Reproduce all of the entries below exactly, without images.

_____

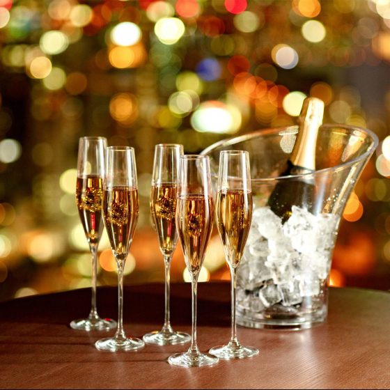 ブラウンを基調とした「AKATSUKI」は、上質で落ち着いた雰囲気のパーティー会場です。窓いっぱいに広がる奈良公園や五重塔のパノラマビューは、まさに絶景。四季折々の景色がパーティーを美しく彩り、金色に輝く格子柄の照明と温かみのある石壁が、くつろぎに満ちた時間を演出します。バーカウンターやテラスも使って自由度の高いパーティーをお愉しみください。
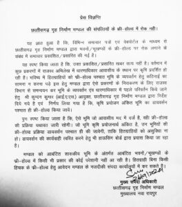 रायपुर, सियासत दर्पण न्यूज़,यह ज्ञात हुआ है कि,विभिन्न समाचार पत्रों एवं वेबपोर्टल के माध्यम से छत्तीसगढ़ गृह निर्माण मण्डल द्वारा भवनों/भूखण्डों के फ्री-होल्ड पर रोक लगाने के संबंध में समाचार प्रकाशित/प्रसारित की गई है।
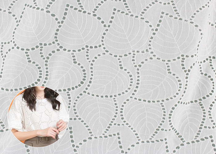 白いアイレット 綿のダース 布の葉紋刺身 服のブラウス選択された天然で汚染のない高品質の材料
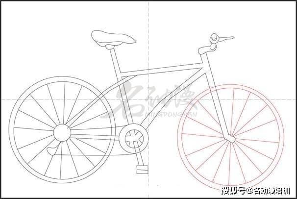第四步:將單車的前後輪一一畫上,然後在圓圈內畫上鋼絲,這樣單車的草稿就畫好了。
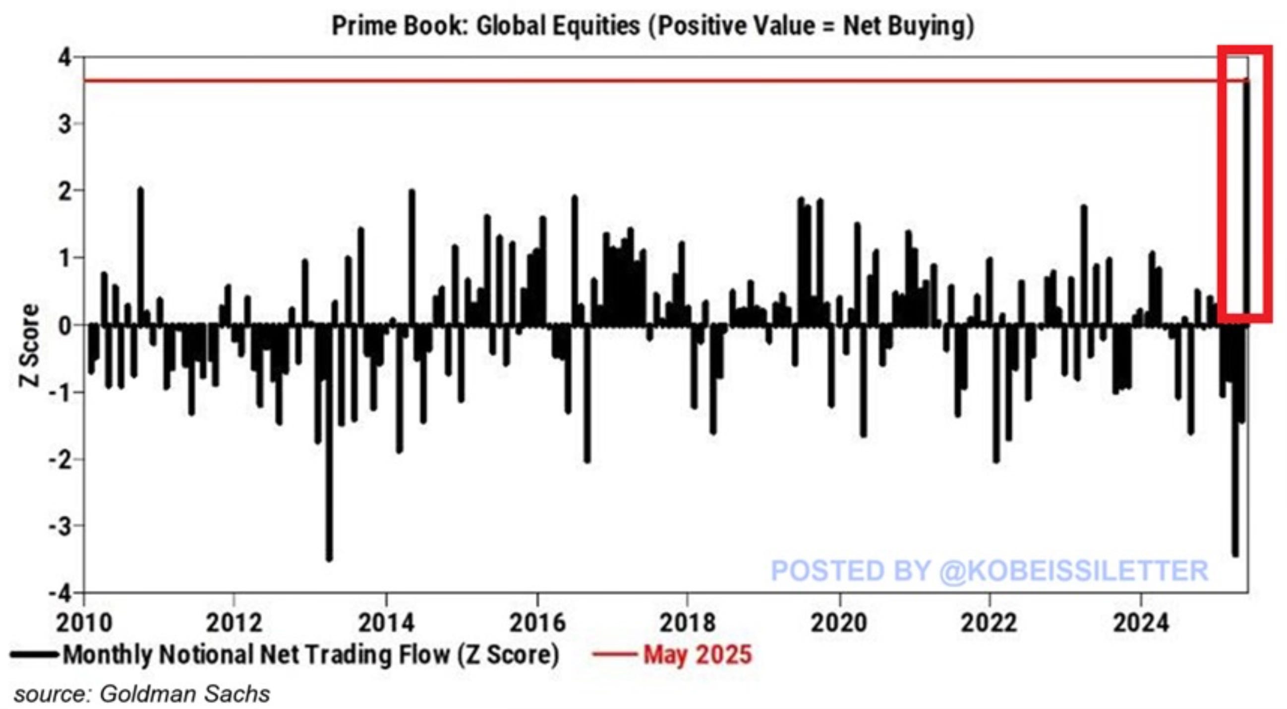 Hedge funds have now bought a record amount of global equities in May. This follows 4 consecutive months of selling. From The Kobeissi Letter who also notices the chase.

_____

Exercise response:
 ブラウンを基調とした「AKATSUKI」は、上質で落ち着いた雰囲気のパーティー会場です。窓いっぱいに広がる奈良公園や五重塔のパノラマビューは、まさに絶景。四季折々の景色がパーティーを美しく彩り、金色に輝く格子柄の照明と温かみのある石壁が、くつろぎに満ちた時間を演出します。バーカウンターやテラスも使って自由度の高いパーティーをお愉しみください。
 रायपुर, सियासत दर्पण न्यूज़,यह ज्ञात हुआ है कि,विभिन्न समाचार पत्रों एवं वेबपोर्टल के माध्यम से छत्तीसगढ़ गृह निर्माण मण्डल द्वारा भवनों/भूखण्डों के फ्री-होल्ड पर रोक लगाने के संबंध में समाचार प्रकाशित/प्रसारित की गई है।
 白いアイレット 綿のダース 布の葉紋刺身 服のブラウス選択された天然で汚染のない高品質の材料
第四步:將單車的前後輪一一畫上,然後在圓圈內畫上鋼絲,這樣單車的草稿就畫好了。
 Hedge funds have now bought a record amount of global equities in May. This follows 4 consecutive months of selling. From The Kobeissi Letter who also notices the chase.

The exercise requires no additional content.